Trigger investigation ^
You can select the email you want to be investigated by Microsoft, as shown here.
You can view the progress of the investigation on the Investigations tab, as seen here.
Automated investigation and response (AIR) in Defender for Office 365 is an interesting topic; see this link for more on it.
Investigate sender ^
If you want to investigate only the sender, this option is useful. Starting an investigation of the entire email means requesting Microsoft analyze several aspects of the email.
You can restrict the investigation to the sender only if you have reason to believe that the sender is malicious. Again, the results are displayed on the Investigations tab under Threat Management.
Investigate recipient ^
Just as the sender, you can also initiate an investigation on a recipient. The options to start the investigation and then view the results and recommendations remain the same.
Add to remediation ^
This option is useful when the admin does not have the necessary rights to perform action on the emails. The admin can add the emails to a remediation container. Another admin with the required rights can then approve or reject the actions.
Contact recipients ^
End users can be contacted using this method. However, its recommended to keep end-user communication to a minimum.
Start new submission ^
This section has four options, as shown in the screenshot here.
Report clean ^
This is used to report any false positives to Microsoft. Its status can be followed on the Submissions tab under Threat Management.
Report phishing ^
Emails that are clearly attempts at phishing and have not been identified by Exchange Online Protection (EOP) can be marked as phishing emails and reported to Microsoft.
Report malware ^
You can report emails as malware to Microsoft so they can be analyzed.
Report spam ^
Likewise, emails can be reported as spam to Microsoft.

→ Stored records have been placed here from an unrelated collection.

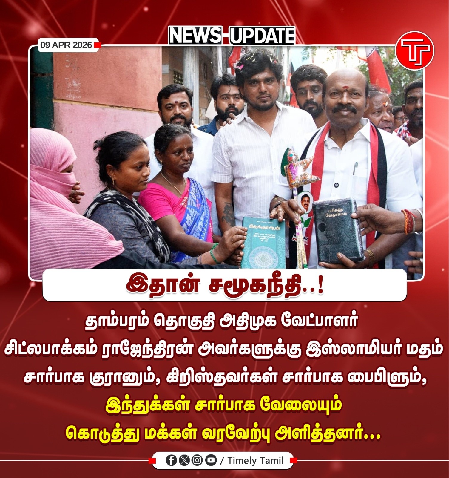 சமூக நீதி காக்கும் மனம் கொண்டவர் தான் உண்மையான மனிதன்.” என்கின்ற தத்துவத்திற்கு ஏற்ப எடுத்துக்காட்டாக திகழ்பவர் தாம்பரம் சட்டமன்ற தொகுதி வெற்றி வேட்பாளர் மரியாதைக்குரிய அண்ணன் வழக்கறிஞர் திரு.சிட்லபாக்கம் ச.இராசேந்திரன் B.A.,B.L.,Ex.M.P., அவர்களுக்கு தாம்பரம் தொகுதி மக்கள் கிழக்கு தாம்பரத்தில் நடைபெற்ற தேர்தல் பிரச்சாரத்தின் போது ஒற்றுமையை வெளிப்படும் விதமாக மிக சிறப்பான முறையில் வரவேற்பு அளித்தனர்...*
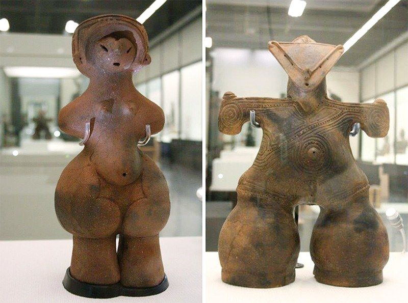 绳文土器:土偶“绳文维纳斯”(左)与“假面女神”(右) 长野县出土。2018年在东京举办了一场“绳文”展,掀起绳文热潮(时事社)
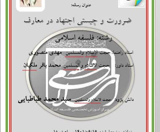 جلسه دفاع از پایان نامه «ضرورت و چیستی اجتهاد در معارف»
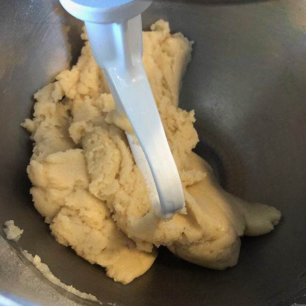 Pour this liquid into the batter slowly while the mixture is on low, stopping 3-4 times to wipe down the sides of the bowl (important). Once everything is evenly mixed, transfer the batter to a large bowl.
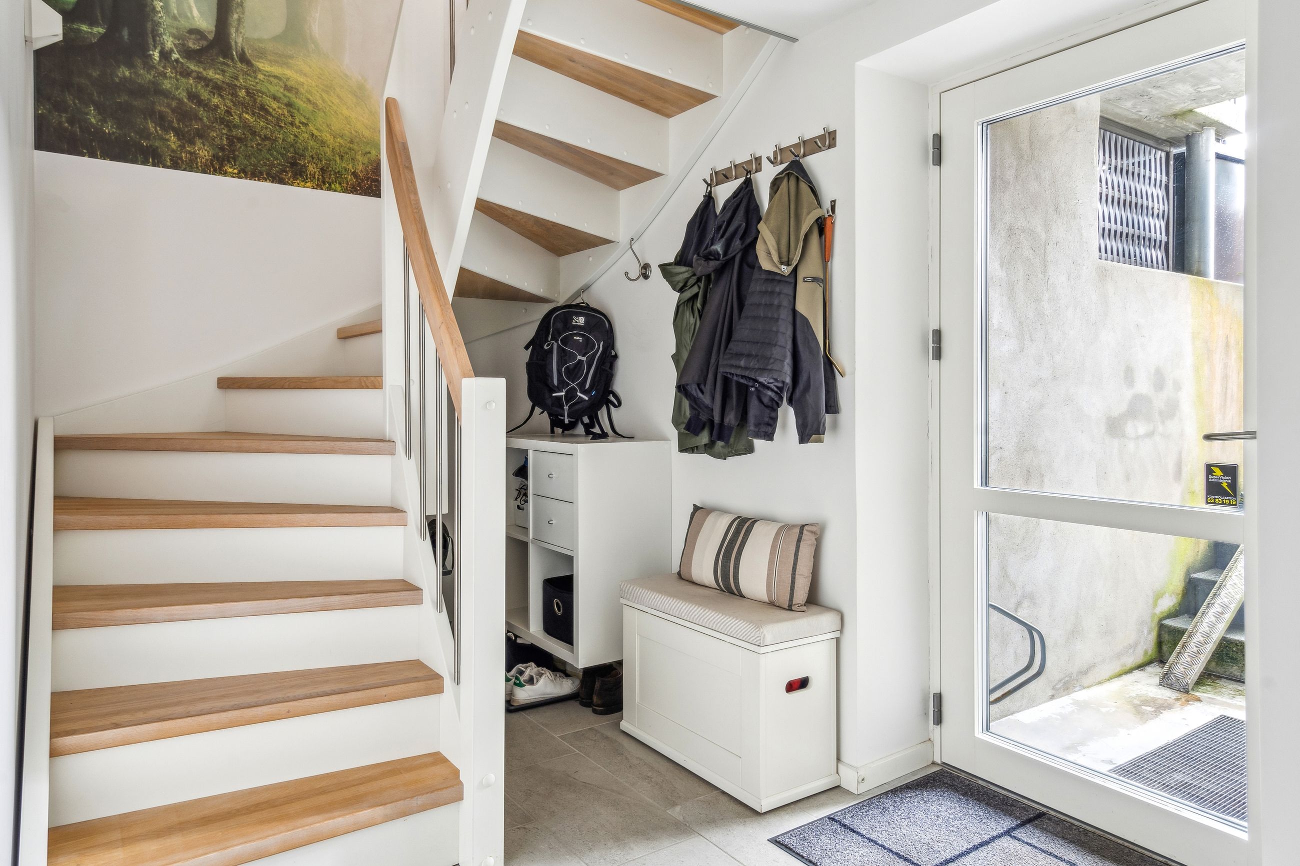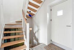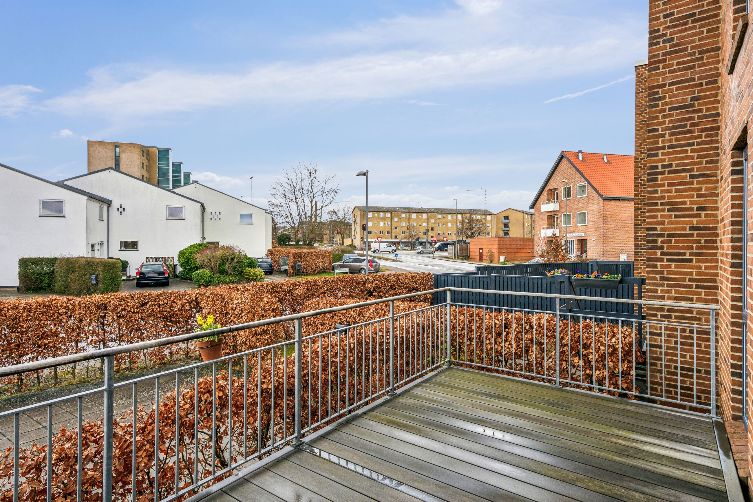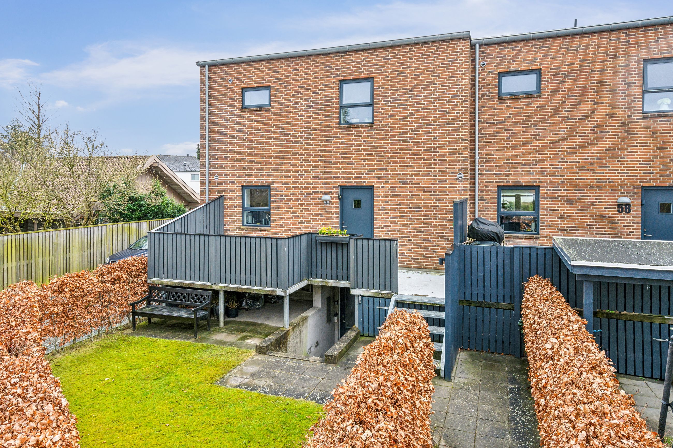 I bliver mødt af en lukket forhave, omkranset af en stor og flot bøgehæk, hvor morgens tidlige solstråler kan nydes helt i fred og ro, herfra går en trappe op til en ekstra morgenterrasse med let adgang til boligen via entredøren.
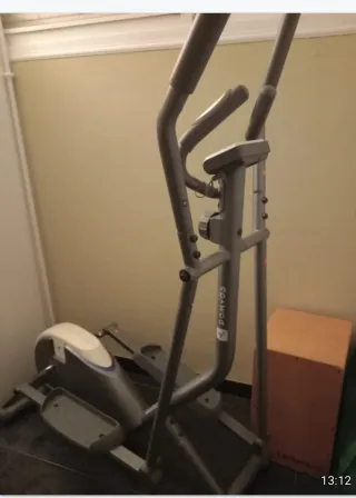 Bicicleta elíptica de la marca Domi, ideal para entrenamientos en casa. Cuenta con un diseño moderno y funcional. - Pantalla digital. - Puños ergonómicos. - Estructura robusta.

Tracking emails using different criteria ^
We have already seen that you can track emails using the Sender email address. The other commonly used criteria for tracking emails in Explorer are:
- Sender domain
- Exchange transport rule
- Delivery action
Apart from this, you can also track emails using some advanced queries. These include the following:
- Network message ID
- Internet message ID
- Sender IP
- Alert ID
- Campaign ID
URL traces ^
Defender for Office 365 has a feature called Safe Links. Safe Links provides a layer of security to end users against malicious URLs in emails and other areas. You often have to identify the users who clicked on a specific URL or received an email with that URL. Such situations can be handled using the URL trace criteria in Explorer.
The different options are as follows:
URL—Here, you can paste the URL and search for all the emails that were delivered and that contained that URL.
You can also search using URL domain, URL domain and path, and URL path.
The last option is to search using Click Verdict.
Here, you can search for emails with URLs that were blocked, blocked but overridden, or allowed, among others.